I am a physical(physio) Therapist in Seattle WA. I am considering making a leap to SA for employment for 1 year. Does anyone in this forum have any experinecence with this. 

Information about me:
I am single, no dependents.
I am used to living a fairly spartan lifestyle.
I would move for 1 year and most likely move back to the USA.
I most likely utilize public transportation/bike i.e. no car.
I would like to live in or near Cape Town if possible (see question #1 below)

Here's what I understand. With questions listed below.

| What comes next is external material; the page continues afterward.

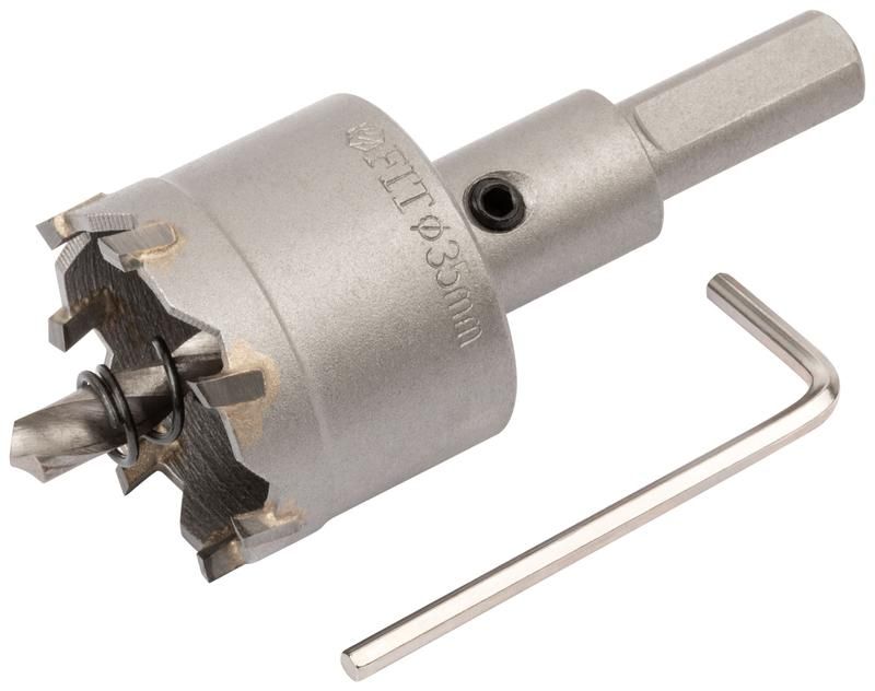 Коронка кольцевая с карбидными вставками Профи (для отверстий в нержавеющей стали) 35 мм - 36835 FIT - это незаменимый инструмент для сверления отверстий в нержавеющей стали и других материалах, таких как алюминий, сталь и латунь. Она обладает рядом преимуществ, которые делают ее отличным выбором для профессиональных задач.

1.) I will have to work for the government and placement is determined by need. This may mean a rural province but I am not sure.
Does anyone have any experiment with this sort of placement?​How is security in rural areas/provinces?​Any other tips and concerns​

2.) I have to take a test similar to the board exam I took in the states
How diffcult is this board exam?​Any tips on how to prepare?​
3.) I will not get paid very much i.e. equivlent of 17,500 USD annual.
I have seen some info on cost of living, this annual salary does not seem like a lot. Is it possible to survive on this much money?​Given my current lifestyle how much can I expect to pay in different regions of SA?​
Thanks in advance, this seems like an exciting adventure and I am looking for gaining some more information.

Eric


----------



## Bienkie (Nov 21, 2009)

*Hi*

I am living in Stellenbosch which is close to Cape Town. If possible, try to get a position in Stellenbosch - it is a beautiful town amongst the vine yards. It is also a student town which means there are lots of accommodation to rent - for instance garden flats etc.

Do you have a choice as to where you want to work? Areas like Paarl, Wellington, Ceres etc are also nice areas to work in. And of course anything close to Cape Town is nice. 

Your salary sounds good to me - a single person will definitely be able to survive on that. Public transport is almost non-existing unless you want to do it like the locals - use taxi's which is unfortunately not a safe way to go around. There are train services but not up to standard. A cheap car would be a better option - or even a scooter or something.

Security wise you will be fine - like in any other place in the world, you must abide by certain common sense "rules" - do not go to the more "notorious" places late at night and alone, if you arrive I am sure the locals will inform you where to be safe and what to avoid. Crime is a big problem in SA, but I personally would prefer the Western Cape region before the other provinces. Crime is starting to become a problem here too, but is seems still under control. 

I think you might be shocked by the public health system - some hospitals are really in desperate need of funding, management - how can I explain? I am sure you will gain good experience whilst being here in SA.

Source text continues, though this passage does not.